SUPPLIED MATERIAL below:
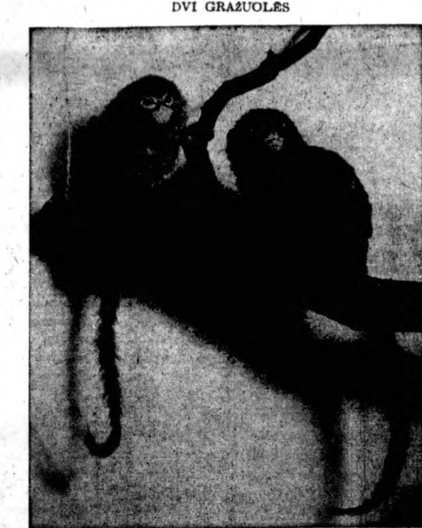
Tom ir Tina beždionikės yra išrinktos lapkričio mėnesio žvėreliais Lincoln Parko zoologijos sode. Tos mažos beždionikės į zoologijos sodą atgabentos praėjusią vasarą iš Pietų Amerikos.
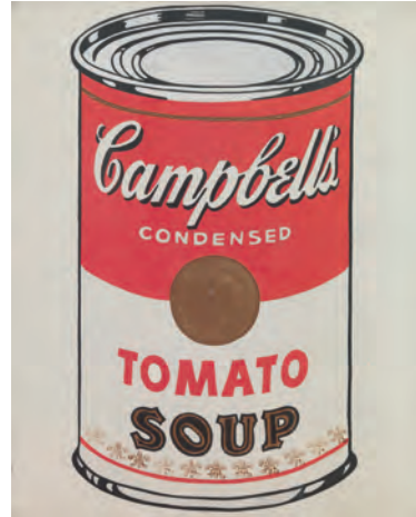
Figura 7 – Andy Warhol, Lata de Sopa Campbell's , 1962, polímero sintético sobre tela, 50,8 x 40,6 cm

5.1. As obras das Figuras 6 e 7 relacionam-se porque em ambas se utilizam
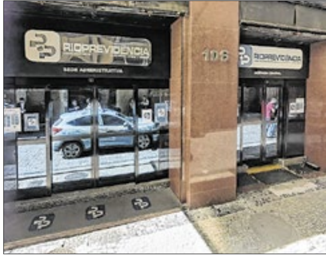
Recenseamento pode ser feito em uma das agências
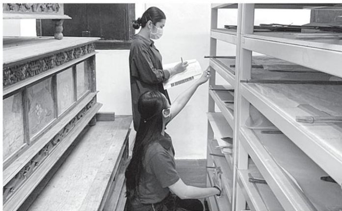
เจ้าหน้าที่พิพิธภัณฑ์สถานแห่งชาติ สมเด็จพระนารายณ์ สํารวจข้อมูลหนังสือกรมศิลปากร และบันทึกข้อมูลลงระบบอิเล็กทรอนิกส์ พร้อมจัดเก็บสิ่งของ และวัสดุอุปกรณ์เครื่องใช้ให้สามารถพร้อมให้บริการประชาชน.
End of SUPPLIED MATERIAL.
ASSIGNMENT — Pictures aside, set down the lines from the one containing "Figura 7 – Andy" through the end of the records above, exactly and only those.

EXPECTED ANSWER —
Figura 7 – Andy Warhol, Lata de Sopa Campbell's , 1962, polímero sintético sobre tela, 50,8 x 40,6 cm

5.1. As obras das Figuras 6 e 7 relacionam-se porque em ambas se utilizam
Recenseamento pode ser feito em uma das agências
เจ้าหน้าที่พิพิธภัณฑ์สถานแห่งชาติ สมเด็จพระนารายณ์ สํารวจข้อมูลหนังสือกรมศิลปากร และบันทึกข้อมูลลงระบบอิเล็กทรอนิกส์ พร้อมจัดเก็บสิ่งของ และวัสดุอุปกรณ์เครื่องใช้ให้สามารถพร้อมให้บริการประชาชน.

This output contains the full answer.